OrientDB can store binary data (byte arrays) in document fields. There is no native representation of binary data in SQL syntax, insert/update a binary field you have to use decode(<base64string>, "base64") function.

To obtain the base64 string representation of a byte array, you can use the function encode(<byteArray>, "base64")

Expressions

Expressions can be used as:

single projections
operands in a condition
items in a GROUP BY
items in an ORDER BY
right argument of a LET assignment

Valid expressions are:

<base type value> (string, number, boolean)
<field name>
<@attribute name>
<function invocation>
<expression> <binary operator> <expression>: with Java precedence rules
<unary operator> <expression>
<expression> ? <expression> : <expression>: ternary if-else operator
( <expression> ): expression between parenthesis, for precedences
( <query> ): query between parenthesis
[ <expression> (, <expression>)* ]: a list, an ordered collection that allows duplicates, eg. ["a", "b", "c"])
{ <expression>: <expression> (, <expression>: <expression>)* }: the result is an ODocument, with : values, eg. {"a":1, "b": 1+2+3, "c": foo.bar.size() }. The key name is converted to String if it's not.
<expression> <modifier> ( <modifier> )*: a chain of modifiers (see below)
<json>: It is translated to an ODocument.
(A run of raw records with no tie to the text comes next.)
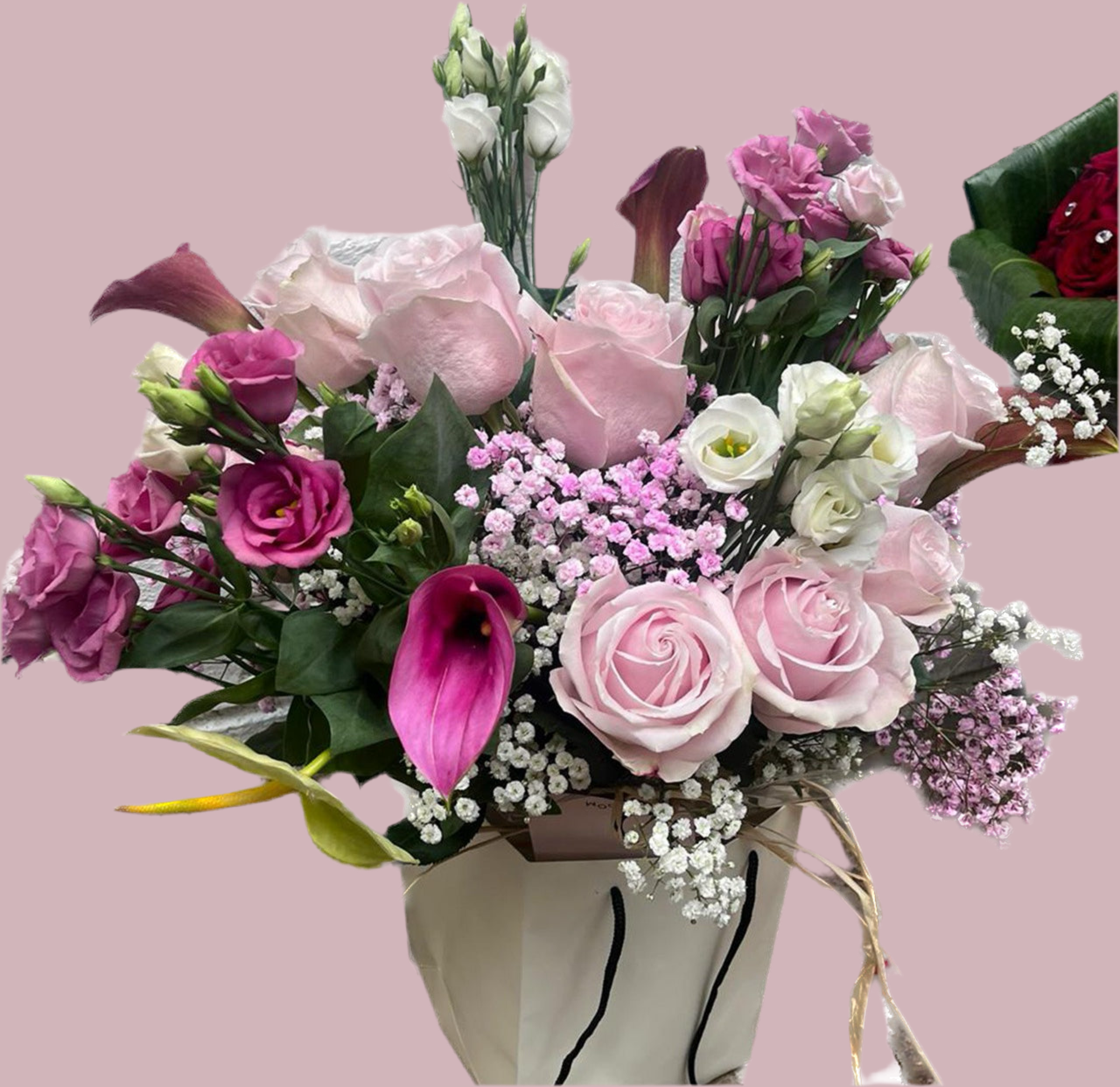 This stunning bouquet features sweet avalanche roses, calla lilies, and gypsophila, creating the perfect pink arrangement for those with a taste for boutique elegance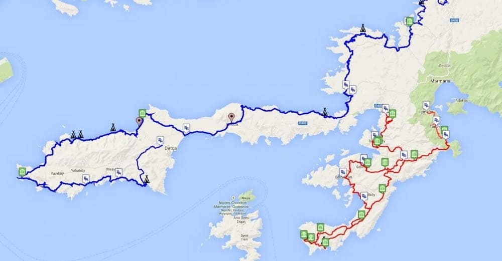Чаще всего туристы отправляются на участок маршрута на полуострове Датча. Он тянется вдоль скалистых бухт, из которых открываются виды на соседние греческие острова. В конце полуострова сохранились руины древнего города Книдос, а на вершине соседнего мыса до сих пор работает маяк, который помогает ориентироваться многочисленным кораблям.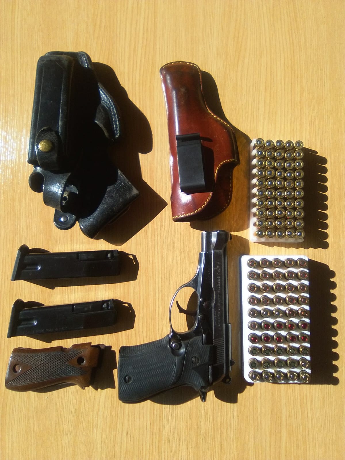 Un amigo tiene en venta esta pistola: marca Beretta de 9 corto ,14 disparos,dos cargadores,cachas de madera,fundas.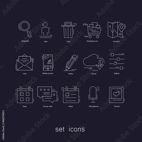 Flat design icons for Website. Symbol development services, social media marketing, business company. Magnifier, User, Trash, Shopping cart, location, mail, mobile phone, notes, cloud, adjust,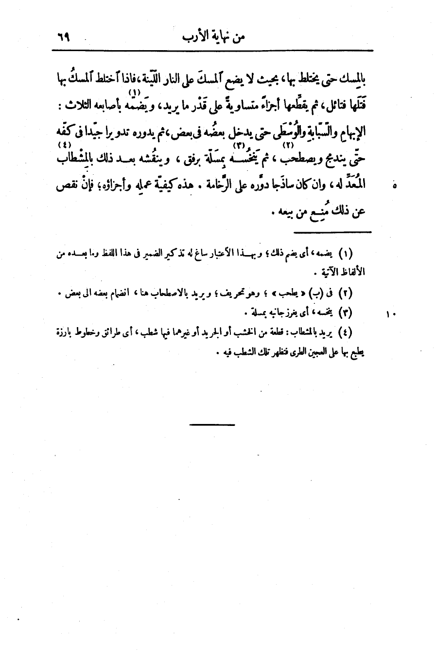 الإبهام والسّبّابة والوسطى حتى يدخل بعضه فى بعض، ثم يدوره تدويرا جيّدا فى كفّه حتّى يندمج ويصطحب «2» ، ثم ينخسه «3» بمسلّة برفق، وينقشه بعد ذلك بالمشطاب «4» المعدّله، وان كان ساذجا دوّره على الرّخامة. هذه كيفيّة عمله وأجزاؤه؛ فإن نقص عن ذلك منع من بيعه.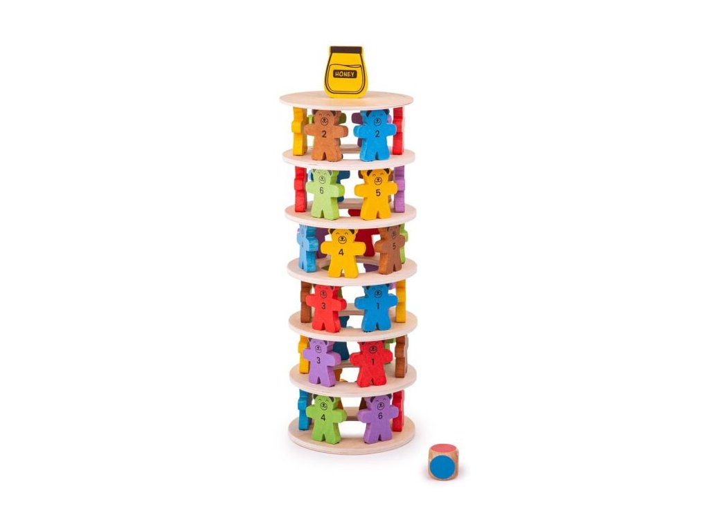 Postavte za pomoci medvídků věž. Hoďte si kostkou, která určí barvu medvěda, na první dřevěný kruh postavte 6 medvědů a poté na ně položte další dřevěný kruh. Tento postup opakujte. Ale pozor, ať vám medvědí věž nespadne! Vyrobeno z kvalitních materiálů ze zodpovědných zdrojů. Splňuje evropské bezpečnostní standardy. Vhodné od 3 let.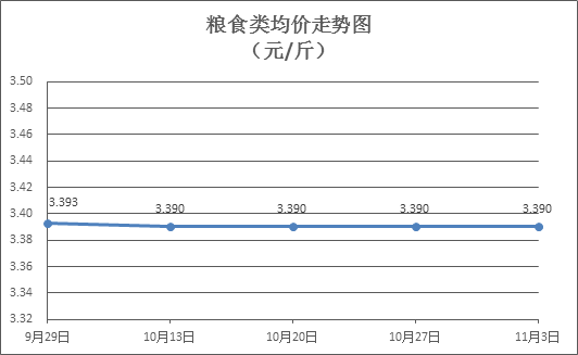 糧食類(lèi)商品價(jià)格穩(wěn)定。所監(jiān)測(cè)的4種糧食類(lèi)商品價(jià)格均持平,零售均價(jià)為每斤3.390元。其中:絲苗米、富強(qiáng)粉零售均價(jià)分別為每斤3.57元、3.36元,環(huán)比均持平。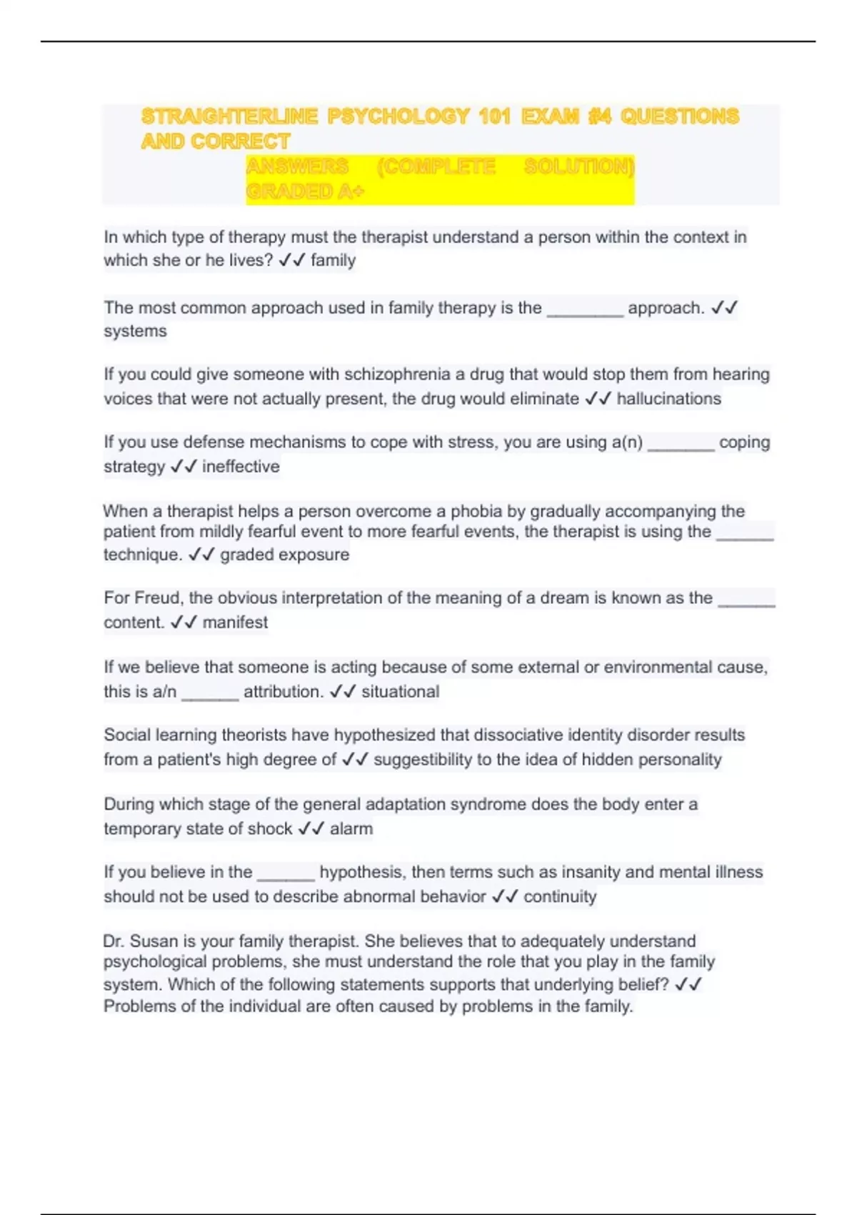 STRAIGHTERLINE PSYCHOLOGY 101 EXAM #4 QUESTIONS AND CORRECT ANSWERS (COMPLETE SOLUTION) GRADED A+
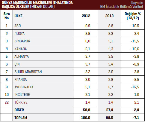 BM İstatistik Bölümü verilerine göre dünya ölçeğinde madencilik makineleri ithalatı ise 2013 yılında bir önceki yıla göre yüzde 7,1 azaldı. 2012 yılında 106 milyar dolarlık madencilik makineleri ithal edilirken, 2013 yılında bu rakam 98,5 milyar dolar seviyesine geriledi. ABD, 2013 yılında 8,8 milyar dolar rakamıyla en fazla madencilik makineleri ithal eden ilk 10 ülke listesinin ilk sırasında yer aldı. ABD’nin 2012 yılı madencilik makineleri ithalatı 9,9 milyar dolar olarak kaydedildi. Söz konusu ülkenin 2013 yılında ithalatı yüzde 10,5 artış azaldı. Listenin ikinci sırasında ise Rusya bulunuyor. 2012 yılında Rusya 5,5 milyar dolar değerinde madencilik makineleri ithal ederken, bu rakam 2013 yılında, yüzde 3,4 azalarak 5,3 milyar dolar olarak kaydedildi. Singapur, dünya geneli madencilik makineleri ithalatı listesinin üçüncü sırasında yer alıyor. 2013 yılında Singapur’un madencilik makineleri ithalatı yüzde 15,5 azalarak 5,1 milyar dolar oldu. 2012 yılında bu rakam 6 milyar dolar seviyesindeydi. Türkiye, 2013 yılında dünya geneli madencilik makineleri ithalatı listesinin 22. sırasında yer aldı. Türkiye’nin, 2013 yılında madencilik makineleri ithalatı bir önceki yıla göre yüzde 2,1 arttı. Türkiye 2013 yılında 1,4 milyar dolar değerinde madencilik makineleri ithalatı gerçekleştirdi. En fazla madencilik makineleri ithal eden ilk 10 ülke listesinde, 2012 yılına göre ithalatını en fazla artıran ülke ise yüzde 1 ile İngiltere oldu.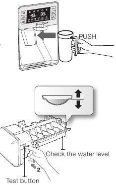Make sure the water storage tank inside the Refrigerator is properly filled. To do this, press the water dispenser lever until the water runs from the water outlet.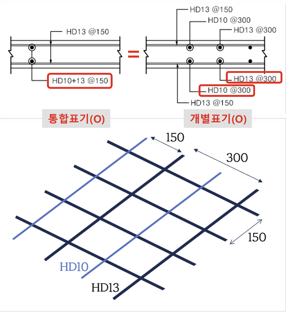 - HD10@300 + HD13@300 ์ด ํ๊ธฐ๋ฅผ ์ฒ์ ๋ณด๋ฉด "HD10 ์ฒ ๊ทผ์ 300mm ๊ฐ๊ฒฉ์ผ๋ก, HD13 ์ฒ ๊ทผ๋ 300mm ๊ฐ๊ฒฉ์ผ๋ก ๋์ผ๋ผ๋ ๊ฑด๊ฐ?" ํ๊ณ ์๊ฐํ๊ธฐ ์ฝ์ต๋๋ค.์ด ํ๊ธฐ๋ ์ฌ์ค ์์์ ์ค๋ช ํ HD10+13@150๊ณผ ์์ ํ ๋์ผํ ์๋ฏธ๋ฅผ ๊ฐ์ง๋๋ค.์ด๊ฒ์ ๋ ๊ฐ์ง ์ข ๋ฅ์ ์ฒ ๊ทผ์ ๋ฒ๊ฐ์ ๋ฐฐ์นํ๋, ๊ฐ๊ฐ์ ์ข ๋ฅ๋ง ๋๊ณ ๋ดค์ ๋๋ 300mm ๊ฐ๊ฒฉ์ผ๋ก ๋ฐฐ์น๋๋ค๋ ๊ฒ์ ๋ปํฉ๋๋ค. ์๋ฅผ ๋ค์ด, HD10๋ง ๋ณด๋ฉด 300mm๋ง๋ค ํ๋์ฉ ์๊ณ , HD13๋ง ๋ณด๋ฉด 300mm๋ง๋ค ํ๋์ฉ ์๋ ํํ์ธ ๊ฑฐ์ฃ .[HD10] -- 150mm -- [HD13] -- 150mm -- [HD10] -- 150mm -- [HD13] ...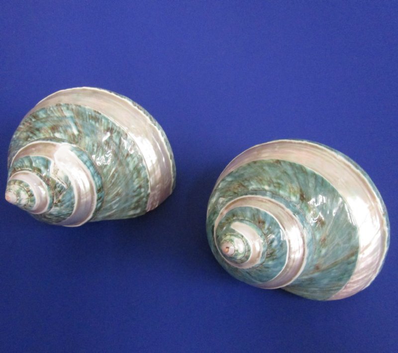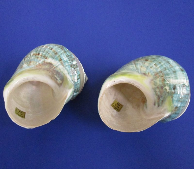 Wholesale polished jade turbo with pearl band shells imported from Philippines measuring 3 inches to 3-1/2 inches in size. These beautiful polished jade turbo with pearl band shells are used in coastal home decorating and are perfect for use in shell baskets, glass containers and for collectors and seashell decorating. These are real shells - NOT replicas and will have natural imperfections from living in the ocean and aging -- tiny holes, indentations, chips, scars and blemishes.  They will vary in shape, size and shading.

Nested JSON is allowed and is translated to nested ODocuments (TODO what about Maps?)
<expression> IS NULL: check for null value of an expression
<expression> IS NOT NULL: check for non null value of an expression

Modifiers

A modifier can be

a dot-separated field chain, eg. foo.bar.
a method invocation, eg. foo.size().
a square bracket filter, eg. foo[1] or foo[name = 'John']

Square bracket filters

Square brackets can be used to filter collections or maps.

field[ ( <expression> | <range> | <condition> ) ]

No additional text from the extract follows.